# Top Expat Destinations 2015



## mes1952 (Dec 11, 2012)

Mexico is listed as 2nd destination. I've been to Ecuador and don't understand why expats go there instead. I found it much more expensive than Mexico as it's pegged on the U.S. Dollar. Or perhaps it's just because I love Mexico!
https://www.internations.org/expat-insider

Mexico tops the charts in the Ease of Settling In Index this year, due to the easygoing culture and friendly populace. It is easy to get used to the local culture, say over four out of five expats (82%), their mouths probably full of tacos.
https://www.internations.org/expat-insider/2015/mexico


----------



## citlali (Mar 4, 2013)

The figures do not make any sense. I wonder who they include in expats..In France , in Spain, Italy Greece and many other European countries there are areas full of expats from other European countries and it is hard to believe that Luxembourg would have more expats than some of the larger counties..How about Germany with the Turks and France with Maroccans, Algerians Tunisians? I guess they go there for work and not to retire so they are immigrants rather than expats or they are not considered by the survey.. Something is way off in the ranking of Ecuador being number 1.
What is their definition of expat I wonder.


----------



## coondawg (May 1, 2014)

I think it is a "gimmick" to attract the US retiree and more USD. I put zero faith in these "reports".


----------



## TurtleToo (Aug 23, 2013)

mes1952 said:


> Mexico is listed as 2nd destination. I've been to Ecuador and don't understand why expats go there instead. I found it much more expensive than Mexico as it's pegged on the U.S. Dollar. Or perhaps it's just because I love Mexico!

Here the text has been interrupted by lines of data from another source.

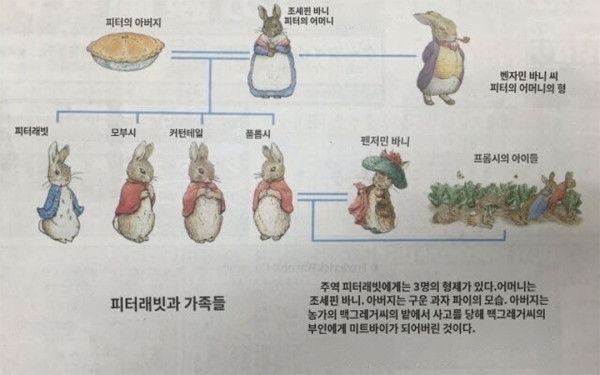 그건 바로 피터 래빗의 아버지가 작중 인간인 맥그레거 아저씨네 정원에 들어갔다 사냥당하고 파이가 되어버렸다는 것...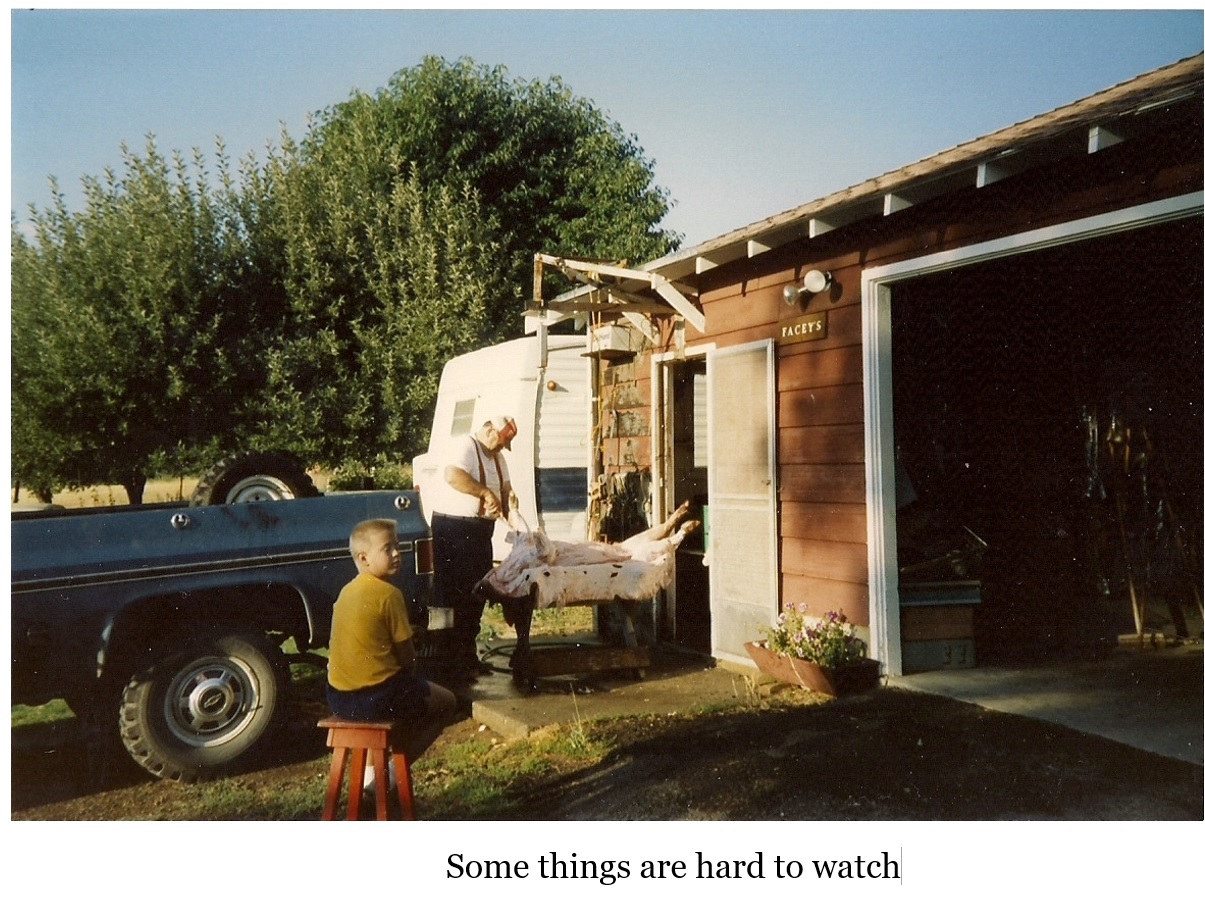 A morning found Robert as an observer. Fess, backing his pickup to the shop door, the arm of the hoist protruding, its cable lowered, lifting a hog up out of the bed by its hind legs, then lowering to a metal platform on rollers. Robert remained watching, Fess with knife in hand began the butchering process, a decision to leave was hesitant, but would be forthcoming, Gary understood, having watched Fess harvest a live steer from start to finish when he was Roberts age.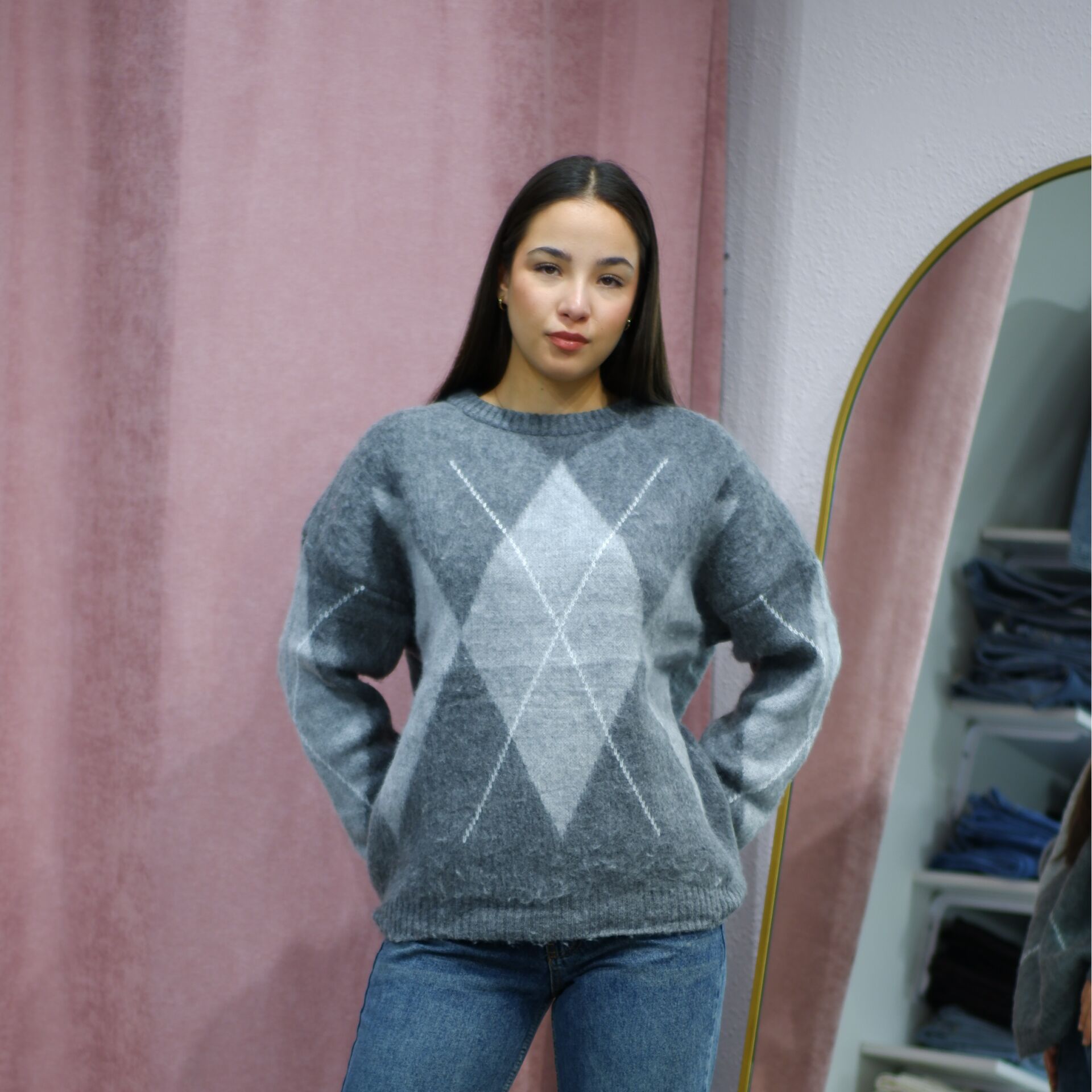 Detay: Modern geometrik desen, günlük ve şık kombinlere uyum sağlar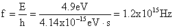 · So, the final answer is that we will see frequencies of 1.2 x 1015 Hz, 1.6 x 1015 Hz, and 4.3 x 1014 Hz. These frequencies correspond to the release of 4.9eV, 6.7eV and 1.8eV.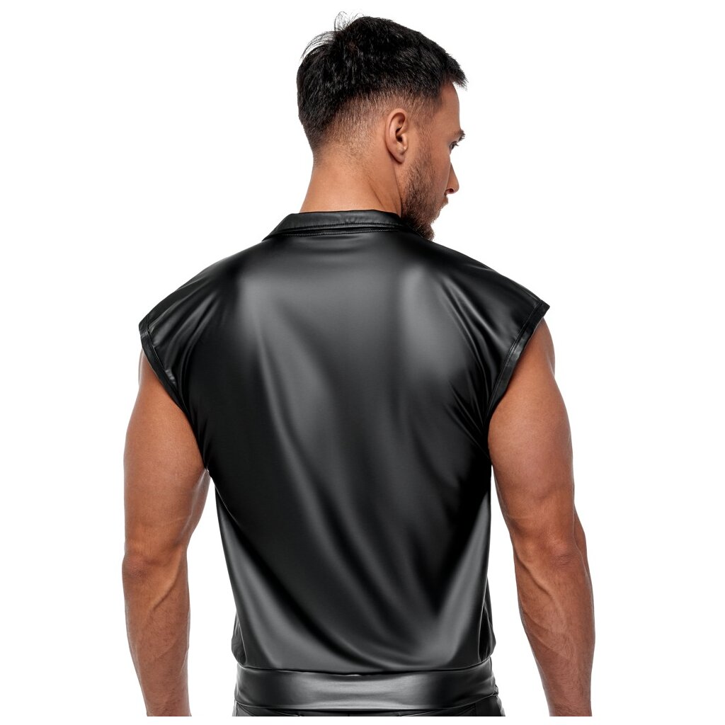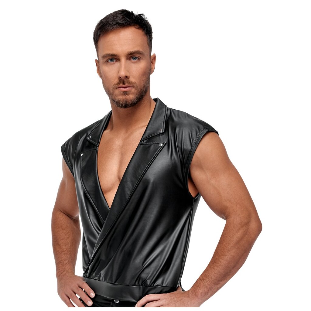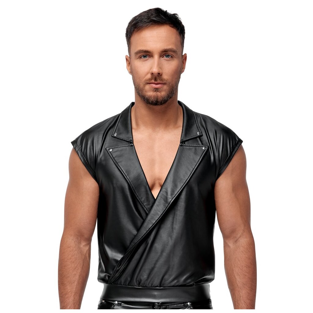 Loose casual shirt by NEK in a black noble matt look with casual overlapped sleeves and stretch waistband at the hem. Open overlapping front with long, studded lapel collar. Soft and stretchy all around for maximum comfort. Size M / Material composition: 90% polyester, 10% spandex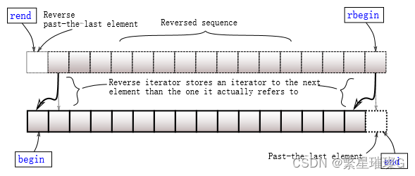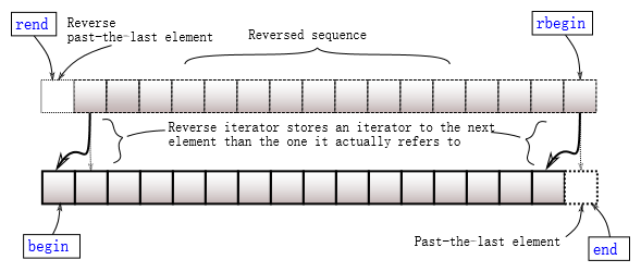 返回指向逆向容器末元素后一元素的逆向迭代器。它对应非逆向容器首元素的前一元素。此元素表现为占位符,试图访问它导致未定义行为。

Some choose Ecuador because the financial requirement to qualify for residency is lower than Mexico's. Ecuador requires only $800/month income for an individual, $900 for a couple. (The requirement has not been adjusted upward in some time, and rumor has it that it may soon increase.)

I, myself, have considered Ecuador because I easily meet the financial qualification for residency, but will find it difficult, probably impossible, to meet Mexico's. While I do not feel the ethical and moral qualms expressed by some over staying in Mexico for 180-day cycles of leaving and reentering, this choice comes with some uncertainty and anxiety about the ability to repeat the process long-term. Mexico could change the law, or change the enforcement of the current law at any time. If this happened, I would either be illegally in the country, or locked out. I find as I age that the security of legal residency is more and more appealing! 

While I do not consider myself elderly, it seems the rest of the world is just beginning to. (Go figure!) Taking on the risk of becoming an elderly illegal alien is not a terribly appealing notion, and becoming less so with each day that passes. Although if I am convinced the risk is minimal, I might still choose living in Mexico on a series of 180-day visas, over the security of residency in Ecuador--for now, at least, while I am healthy and energetic.


----------



## RickS (Aug 6, 2009)

> "..this choice (multiple consecutive 180-day tourist visits) comes with some uncertainty and anxiety about the ability to repeat the process long-term. Mexico could change the law, or change the enforcement of the current law at any time."


There are already accounts of this happening. The border crossing from Belize into the Mexican Yucatan is one. There was at least one report from the Texas border where a person(s) were warned that 'this is the last time'. 

Having said that, I don't 'believe' that this is a growing occurrence but maybe rather an official using their 'right' to set conditions.

YMMV


----------



## RVGRINGO (May 16, 2007)

My suspicion is that those who had difficulties were “profiled“ and failed to satisfy the officer. I also suspect that staying a day or three north of the border would probably make having such a problem almost negligible. Just turning around and re-entering is probably not a good idea, as it makes the intention to subvert the tourist permit pretty obvious.


----------



## coondawg (May 1, 2014)

On more than one occasion, as I turned in my tourist card, I asked when I could get another. The usual response (in Laredo) was right now, if I wanted. However, in the last 3-4 years, at least 2 times I was told that I had to wait a day. I normally waited 3 months.


----------



## derek.larson (Jul 6, 2015)

coondawg said:


> On more than one occasion, as I turned in my tourist card, I asked when I could get another. The usual response (in Laredo) was right now, if I wanted. However, in the last 3-4 years, at least 2 times I was told that I had to wait a day. I normally waited 3 months.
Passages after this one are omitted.